Он засмеялся собственной шутке и продолжал:
– Но теперь ты будешь вознаграждена. Я вошел в число лучших музыкантов Вены. Об этом я мечтал всю жизнь.
– Я знаю, папа, – ответила Гизела. – И мама тоже всегда этого хотела.
Пол Феррарис обвел взглядом гостиную.
После того представления, на котором он имел грандиозный успех, они с Гизелой переехали в другие апартаменты, которые были намного больше и роскошнее прежних. На этом настоял сам господин Захер, владелец отеля.
Гостиная, великолепно меблированная, с картинами и зеркалами на стенах и портьерами из королевского бархата на окнах, была сплошь уставлена цветами.
Здесь были скромные, но трогательные букетики полевых цветов, огромные корзины с орхидеями, вазы, букеты, яркие экзотические гирлянды, присланные поклонниками, артистами театра, певцами, критиками и даже школьниками.
Известность, которой Полу Феррарису так не хватало с тех пор, как он покинул Париж, вернулась к нему с новой силой, и Гизела, несмотря на свое горе, была за него рада.
Но сейчас, когда он пригласил ее на вечер, она хотела отказаться, не представляя себе, как будет танцевать с кем-нибудь, кроме Миклоша. Она боялась, что просто расплачется, когда ее пригласят на танец.
Она провела бессонную ночь, но утром встала, полная решимости взять себя в руки и не показывать отцу своего состояния. Она нужна ему, жизнь продолжается и должна идти своим чередом.
Теперь Гизела понимала, что чувствовал отец, когда потерял жену.
Они были так близки, и, глядя на них, Гизела мечтала о такой любви.
Она нашла такую любовь. Нашла и сразу же потеряла!
Ее мать не смущал тот факт, что ее возлюбленный – музыкант.
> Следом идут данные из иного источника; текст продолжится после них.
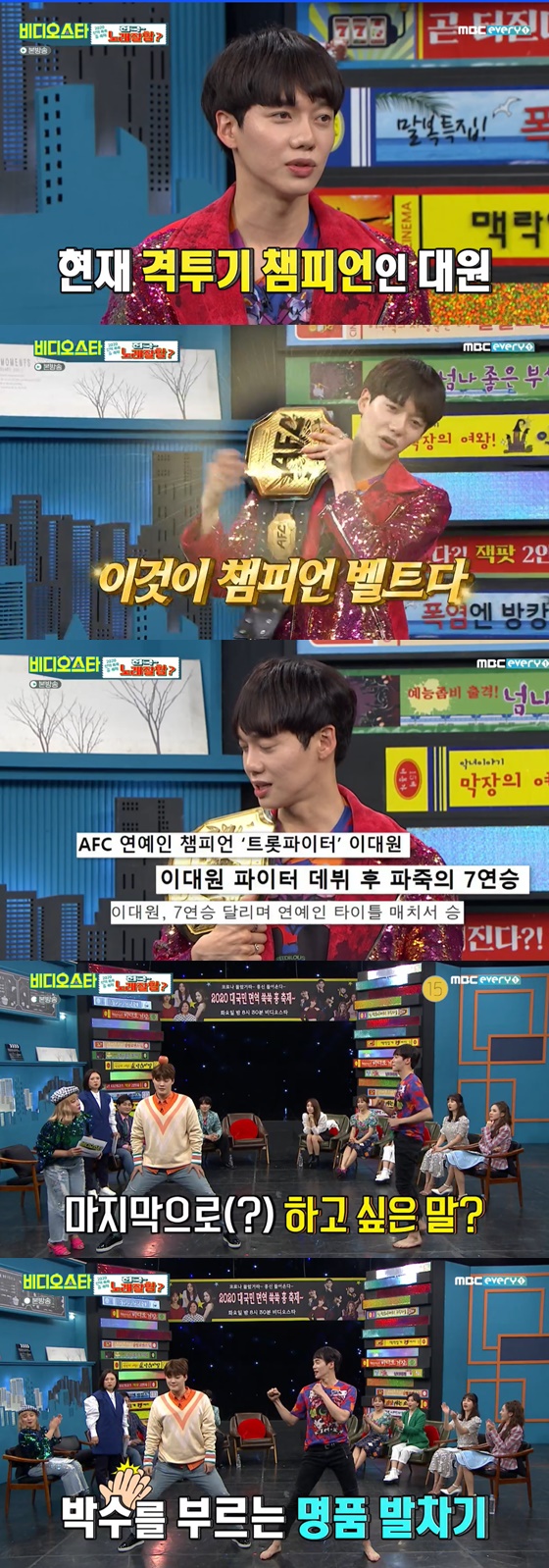 이대원은 "현재 격투기 챔피언이라 벨트를 들고 왔다"며 7전 7승 후 받은 벨트를 보여주며 "지금까지 진 적이 없다. 미스터트롯 예선 8일 전에 방어전을 했다. 예선전 때 이미 피멍이 다 들어 있었다. 그래도 챔피언 벨트라도 없으면 아무런 타이틀이 없을 것 같아 탈고된 어깨는 스스로 끼워 맞춰서 경기에 참가했다"며 7전 무패담을 털어놓아 주위를 놀라게 했다.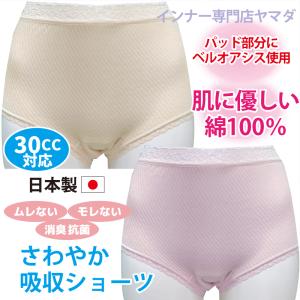 尿漏れパンツ 女性 失禁パンツ 吸水ショーツ 女性用 尿もれ にょうもれ 綿100% 抗菌防臭 消臭 30CC 日本製 レディース ヤマダ

Это был брак по любви, а любовь – величайшая драгоценность на свете.
Теперь Гизела осталась одна и понимала, что с годами ее одиночество станет еще острее и нестерпимее, ведь в мире нет человека, который сможет заменить ей Миклоша.
«Миклош, Миклош!» – хотелось крикнуть Гизеле; она верила, что, где бы он ни был, он услышит крик ее сердца и поймет, как ей его не хватает.
Но воображение рисовало ей, как он возвращается в замок к повседневным обязанностям и развлечениям. Поглощенный делами, он если и вспомнит о ней, то только ночью, ложась спать.